The previously published data were then compared to those collected from cells labeled acutely with ProCho and PMA for 20 min, i.e., under a protocol using ProCho as a reporter of PLD activity. The distribution of alkynyl PC species resulting from PLD-mediated transphosphatidylation (Figure S2C) resembles that of natural PC from either those cells (Figure S2C) or cells receiving only PMA stimulation and no alcohol (Figure S2D). We also detected molecular masses corresponding to alkynyl ePCs from this PLD-selective ProCho labeling protocol, suggesting that this enigmatic class of lipids may be substrates of cellular PLDs (Figure S3C,D). Collectively, these mass spectrometry studies demonstrate that ProCho can report on two different lipid biosynthetic pathways and that the distribution of ProCho-containing lipids roughly mirrors that of the corresponding choline-containing lipid precursors.

Finally, we performed two-color imaging experiments using AzProp and ProCho under two different labeling conditions to validate the localization of the acutely stimulated, PLD-derived, ProCho signal and to simultaneously image PC biosynthesis and sites of PLD activity within cells. First, acute labeling with both AzProp and ProCho concomitant with PMA stimulation for 20 min, followed by sequential tagging of azidolipids by SPAAC with a BODIPY-cyclooctyne conjugate²⁵ (BODIPY-BCN) and then of alkynyl lipids by CuAAC with Az545, resulted in substantial colocalization of the fluorescent signals (Figure 4A,B). This high degree of colocalization was expected given that both alcohols are substrates of the same PLD isoforms under this labeling protocol. Second, we labeled cells with ProCho for 24 h to mark PC biosynthesis and subsequently labeled cells acutely with AzProp in the presence of PMA for 20 min to report on stimulated PLD activity. Again, following SPAAC and CuAAC tagging, we observed substantial colocalization (Figure 4C,D). This result fits well with the understanding that PC is the major substrate for cellular PLDs,⁶ whose activity is expected to correlate strongly with PC localization.

Figure 4.

Two-color imaging of PLD activity and PC biosynthesis with orthogonal chemical reporters. (A) Schematic for simultaneous, two-color labeling of PLD activity with AzProp and ProCho. (B) HeLa cells were treated with ProCho (100 μM), AzProp (750 μM), and PMA (100 nM) for 20 min, rinsed, labeled with BODIPY-BCN via SPAAC, fixed, tagged with Az488 via CuAAC, and imaged by confocal microscopy. (C) Schematic of two-color labeling of PC biosynthesis and PLD activity. (D) HeLa cells were treated with ProCho (100 μM) for 24 h to report on PC biosynthesis, rinsed, and then incubated in AzProp (1 mM) for 20 min followed by an additional 20 min incubation with PMA (100 nM) to report on stimulated PLD activity. Cells were then fixed, labeled via SPAAC and CuAAC, and imaged as in panel B. The merge image shows ProCho (magenta), AzProp (green), and DAPI (blue); colocalization of ProCho and AzProp appears white. Pearson correlation coefficients (R²) are provided to aid in interpreting colocalization of the two markers.

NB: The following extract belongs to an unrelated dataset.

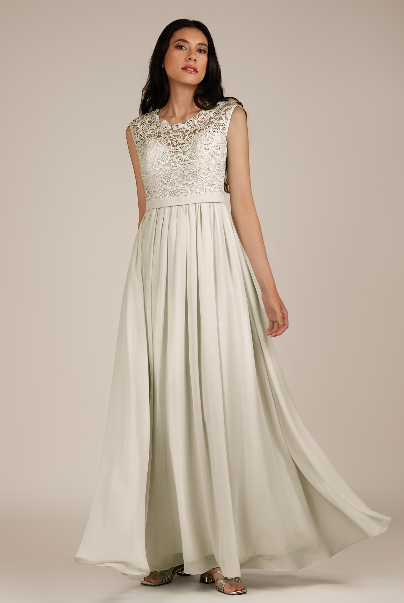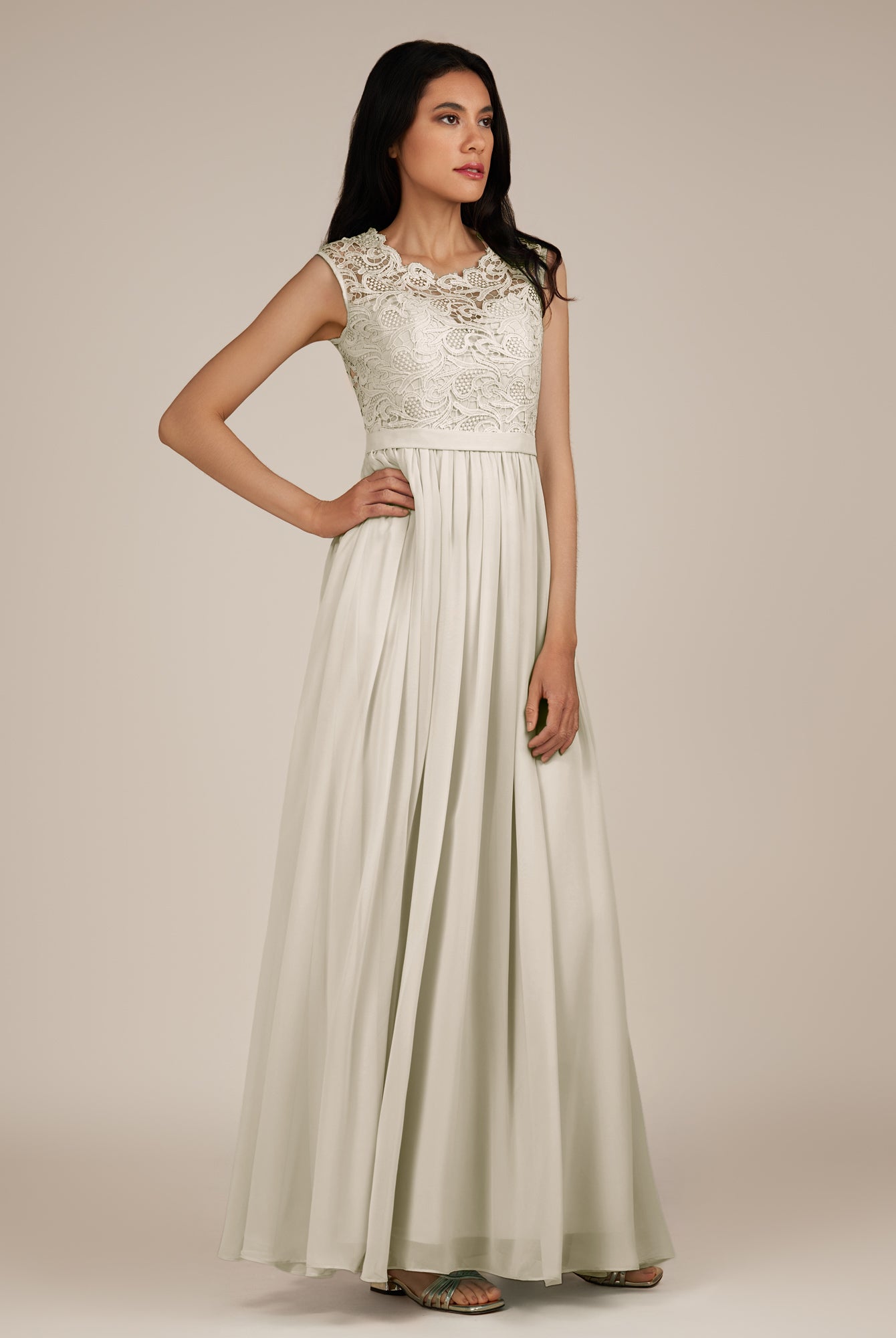Niamh | Dove Gray - A Line Illusion Neck Chiffon Long Bridesmaid Dress

In summary, just as nature exploits the economy of common metabolic intermediates to efficiently diversify biosynthetic pathways, so can biochemists in the development of chemical probes to interrogate such pathways. Our results demonstrate that a simple alkynyl choline analogue can serve as a reporter of PMA-stimulated PLD activity or the biosynthesis of choline-containing phospholipids, by careful control of labeling conditions. Future applications may include its use to study flux through these pathways as stimulated by a variety of endogenous and exogenous agents. This property of a single alcohol to report on multiple biochemical pathways based on exposure time and activation state of the cell expands the ability to interrogate the dynamics of lipid synthesis and membrane biogenesis within cells and better understand the many roles that biological membranes and their lipid constituents play in cellular homeostasis. We propose that this dual functionality may extend to other choline analogues and potentially to bioorthogonally tagged metabolic precursors to other classes of lipids, metabolites, and macromolecules.